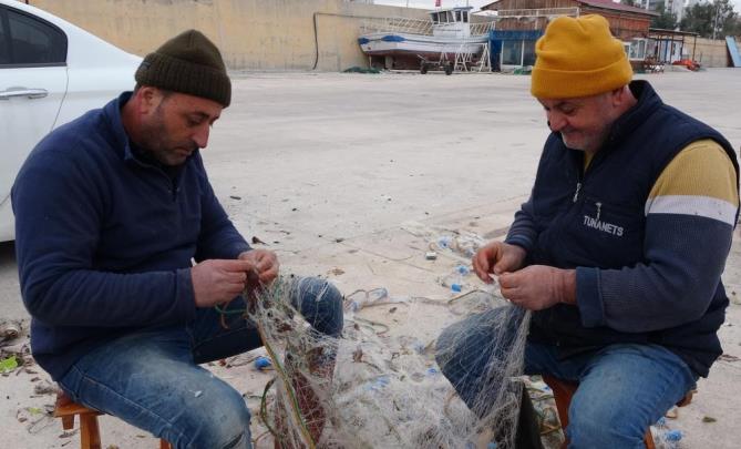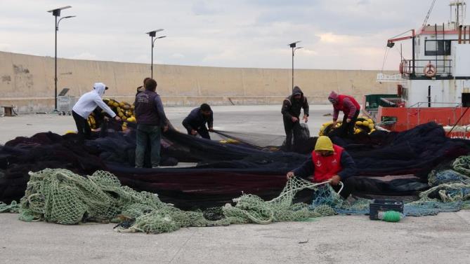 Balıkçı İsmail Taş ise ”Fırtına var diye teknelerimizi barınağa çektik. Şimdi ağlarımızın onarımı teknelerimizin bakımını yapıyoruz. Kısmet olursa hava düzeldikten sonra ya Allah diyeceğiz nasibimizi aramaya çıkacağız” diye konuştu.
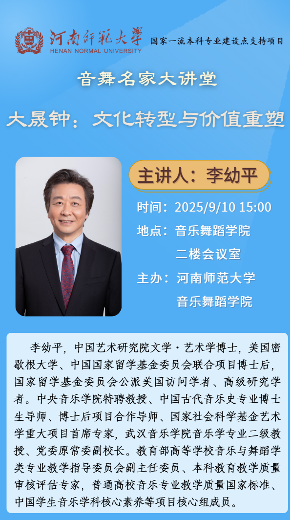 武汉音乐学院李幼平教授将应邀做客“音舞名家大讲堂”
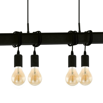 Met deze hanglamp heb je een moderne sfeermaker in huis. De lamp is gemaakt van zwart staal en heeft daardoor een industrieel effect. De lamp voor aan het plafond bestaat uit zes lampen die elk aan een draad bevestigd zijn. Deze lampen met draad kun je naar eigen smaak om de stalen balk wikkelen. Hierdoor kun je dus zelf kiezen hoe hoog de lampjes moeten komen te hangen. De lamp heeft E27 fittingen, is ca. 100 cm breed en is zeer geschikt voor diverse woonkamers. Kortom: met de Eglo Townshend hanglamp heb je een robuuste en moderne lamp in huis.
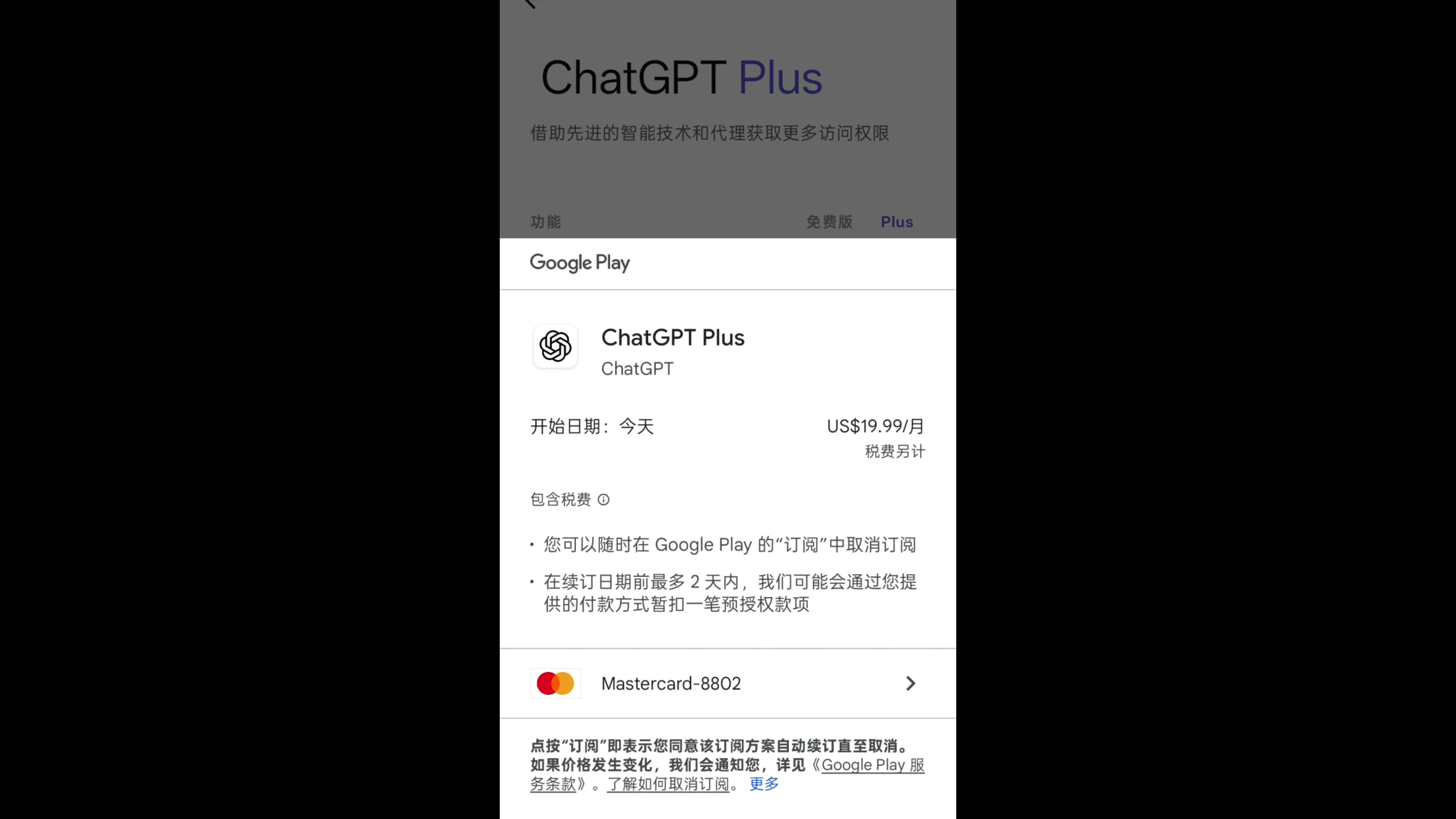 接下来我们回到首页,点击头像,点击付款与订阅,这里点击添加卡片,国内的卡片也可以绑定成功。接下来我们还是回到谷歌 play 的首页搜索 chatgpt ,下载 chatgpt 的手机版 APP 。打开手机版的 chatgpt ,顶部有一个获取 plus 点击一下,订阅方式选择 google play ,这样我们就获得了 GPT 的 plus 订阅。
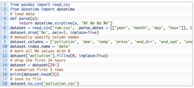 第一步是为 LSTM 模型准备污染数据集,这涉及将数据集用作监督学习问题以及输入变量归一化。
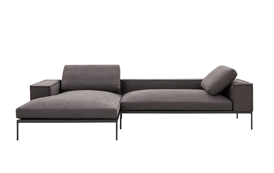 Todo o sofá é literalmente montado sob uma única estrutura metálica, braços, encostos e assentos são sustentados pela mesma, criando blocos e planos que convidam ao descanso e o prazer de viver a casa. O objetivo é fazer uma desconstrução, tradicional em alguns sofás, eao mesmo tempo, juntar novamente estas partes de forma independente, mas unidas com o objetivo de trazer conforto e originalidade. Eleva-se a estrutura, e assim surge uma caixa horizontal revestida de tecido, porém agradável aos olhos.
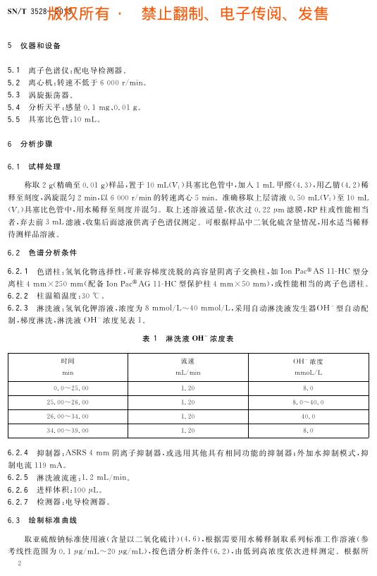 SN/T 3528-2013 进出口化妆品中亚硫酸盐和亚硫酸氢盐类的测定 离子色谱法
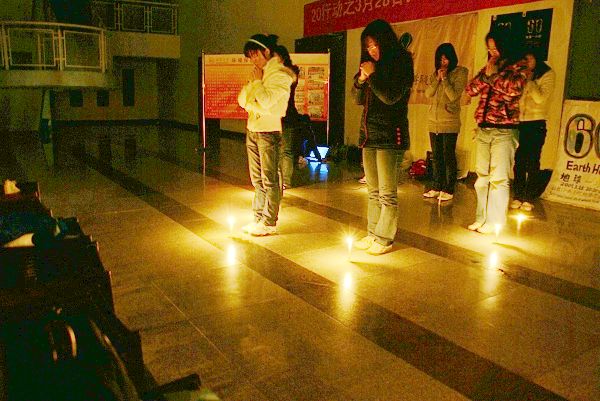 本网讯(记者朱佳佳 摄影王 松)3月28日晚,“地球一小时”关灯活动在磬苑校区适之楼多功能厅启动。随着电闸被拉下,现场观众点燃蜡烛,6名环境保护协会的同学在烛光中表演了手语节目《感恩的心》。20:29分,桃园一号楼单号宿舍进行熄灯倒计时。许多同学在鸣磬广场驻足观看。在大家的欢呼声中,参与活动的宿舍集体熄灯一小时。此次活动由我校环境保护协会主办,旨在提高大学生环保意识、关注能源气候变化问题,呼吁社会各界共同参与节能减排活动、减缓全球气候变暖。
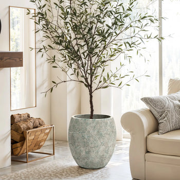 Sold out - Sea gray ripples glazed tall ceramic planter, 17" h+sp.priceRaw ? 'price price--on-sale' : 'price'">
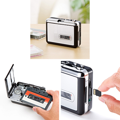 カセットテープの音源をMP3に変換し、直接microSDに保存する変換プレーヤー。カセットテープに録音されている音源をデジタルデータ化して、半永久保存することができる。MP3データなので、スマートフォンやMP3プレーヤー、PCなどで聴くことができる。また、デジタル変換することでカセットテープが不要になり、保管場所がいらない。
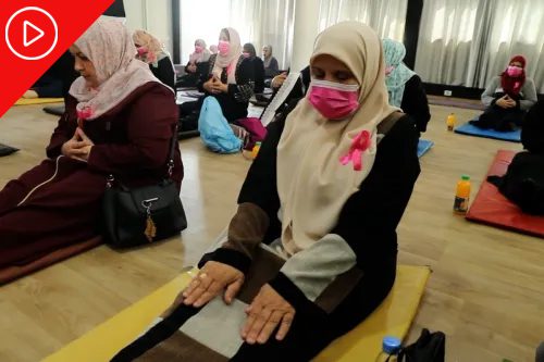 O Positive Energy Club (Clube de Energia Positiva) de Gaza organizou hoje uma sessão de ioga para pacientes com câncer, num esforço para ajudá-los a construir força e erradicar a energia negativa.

---

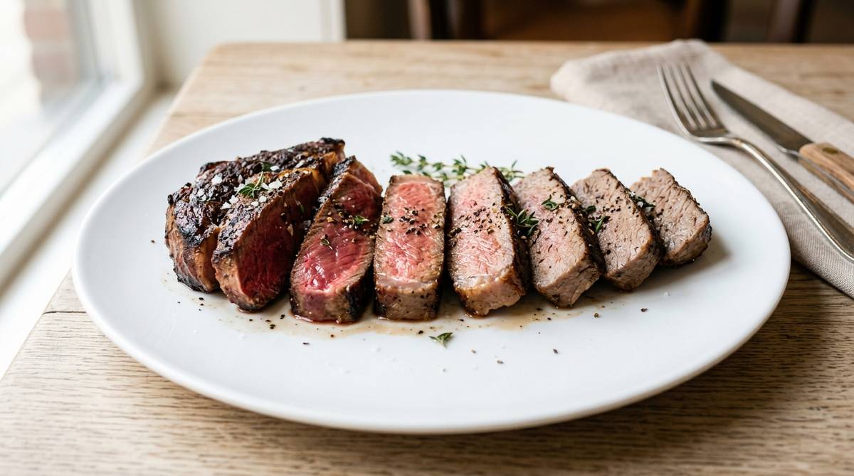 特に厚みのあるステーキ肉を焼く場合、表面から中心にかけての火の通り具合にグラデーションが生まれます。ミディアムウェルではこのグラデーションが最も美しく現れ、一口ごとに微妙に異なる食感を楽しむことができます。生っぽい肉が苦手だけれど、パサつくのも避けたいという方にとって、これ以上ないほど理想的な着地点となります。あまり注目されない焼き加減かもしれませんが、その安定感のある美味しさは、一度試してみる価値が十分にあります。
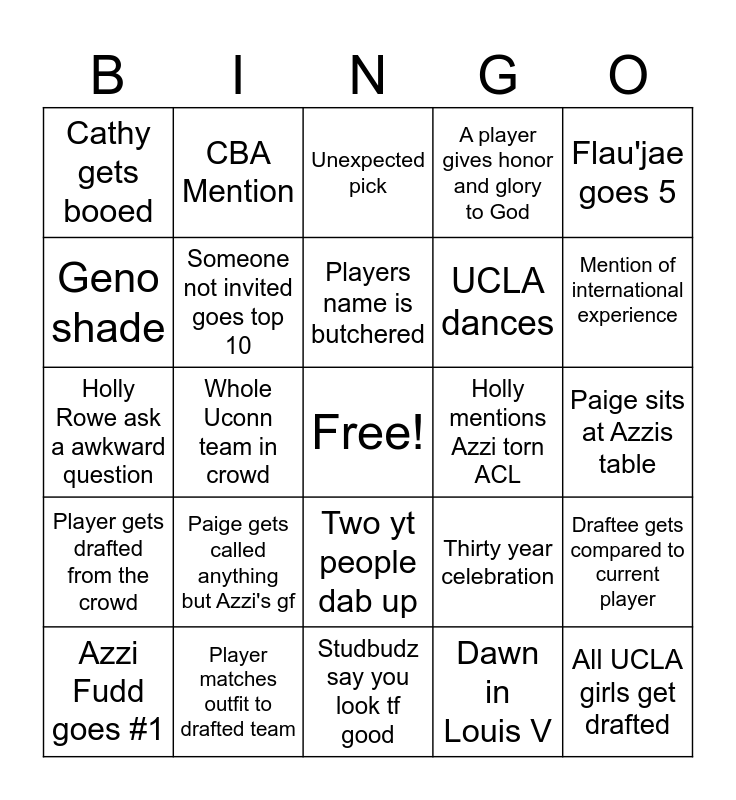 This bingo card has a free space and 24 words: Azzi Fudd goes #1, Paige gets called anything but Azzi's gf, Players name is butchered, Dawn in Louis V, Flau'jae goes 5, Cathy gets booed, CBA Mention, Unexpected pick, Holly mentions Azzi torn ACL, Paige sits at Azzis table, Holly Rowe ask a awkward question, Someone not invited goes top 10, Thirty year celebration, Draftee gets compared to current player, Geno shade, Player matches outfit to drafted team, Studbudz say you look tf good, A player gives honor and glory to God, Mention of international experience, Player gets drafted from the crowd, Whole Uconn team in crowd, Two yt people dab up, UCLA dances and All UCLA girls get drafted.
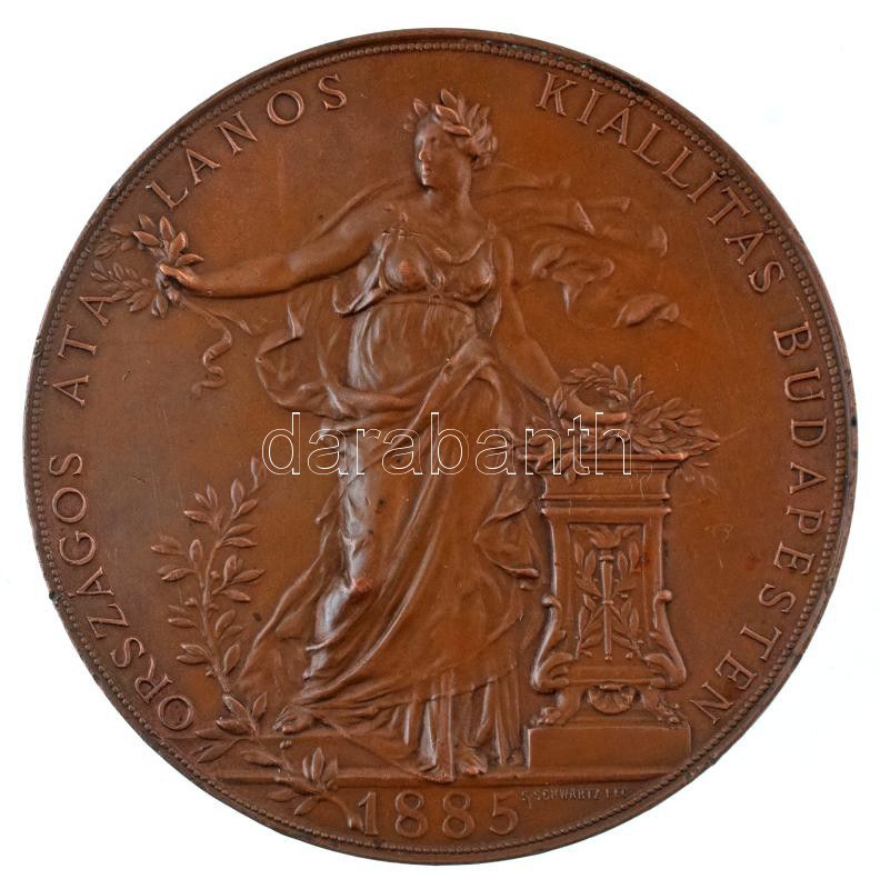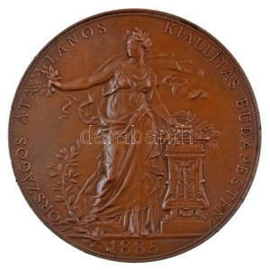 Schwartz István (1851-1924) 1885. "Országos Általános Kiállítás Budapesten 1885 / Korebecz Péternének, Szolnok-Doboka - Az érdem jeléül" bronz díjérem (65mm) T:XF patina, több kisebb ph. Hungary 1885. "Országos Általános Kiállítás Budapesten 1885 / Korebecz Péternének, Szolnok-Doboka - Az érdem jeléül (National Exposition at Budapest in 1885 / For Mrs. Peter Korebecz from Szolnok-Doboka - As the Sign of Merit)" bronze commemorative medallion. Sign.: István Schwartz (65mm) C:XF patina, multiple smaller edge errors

--

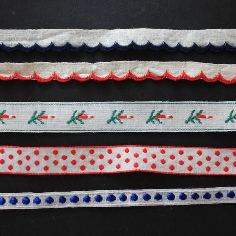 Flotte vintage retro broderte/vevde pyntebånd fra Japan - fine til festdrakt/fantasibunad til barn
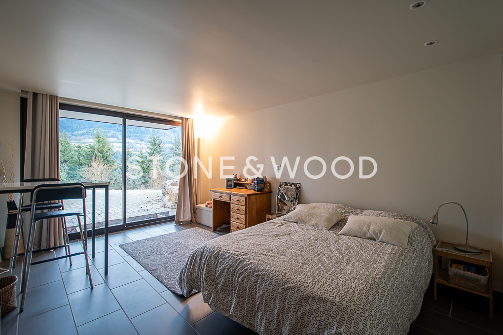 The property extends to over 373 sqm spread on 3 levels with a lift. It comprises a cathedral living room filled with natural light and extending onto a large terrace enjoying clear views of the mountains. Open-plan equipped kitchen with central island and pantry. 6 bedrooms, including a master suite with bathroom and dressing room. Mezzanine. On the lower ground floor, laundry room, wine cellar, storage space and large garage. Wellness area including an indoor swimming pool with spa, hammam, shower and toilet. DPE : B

_EXERCISE DETAILS_: Repeat exactly the stretch of the listing above that starts with the line holding "カセットテープの音源をMP3" and finishes with the line holding "O Positive Energy", both included. Skip every picture.

_ANSWER SECTION_:
 カセットテープの音源をMP3に変換し、直接microSDに保存する変換プレーヤー。カセットテープに録音されている音源をデジタルデータ化して、半永久保存することができる。MP3データなので、スマートフォンやMP3プレーヤー、PCなどで聴くことができる。また、デジタル変換することでカセットテープが不要になり、保管場所がいらない。
 O Positive Energy Club (Clube de Energia Positiva) de Gaza organizou hoje uma sessão de ioga para pacientes com câncer, num esforço para ajudá-los a construir força e erradicar a energia negativa.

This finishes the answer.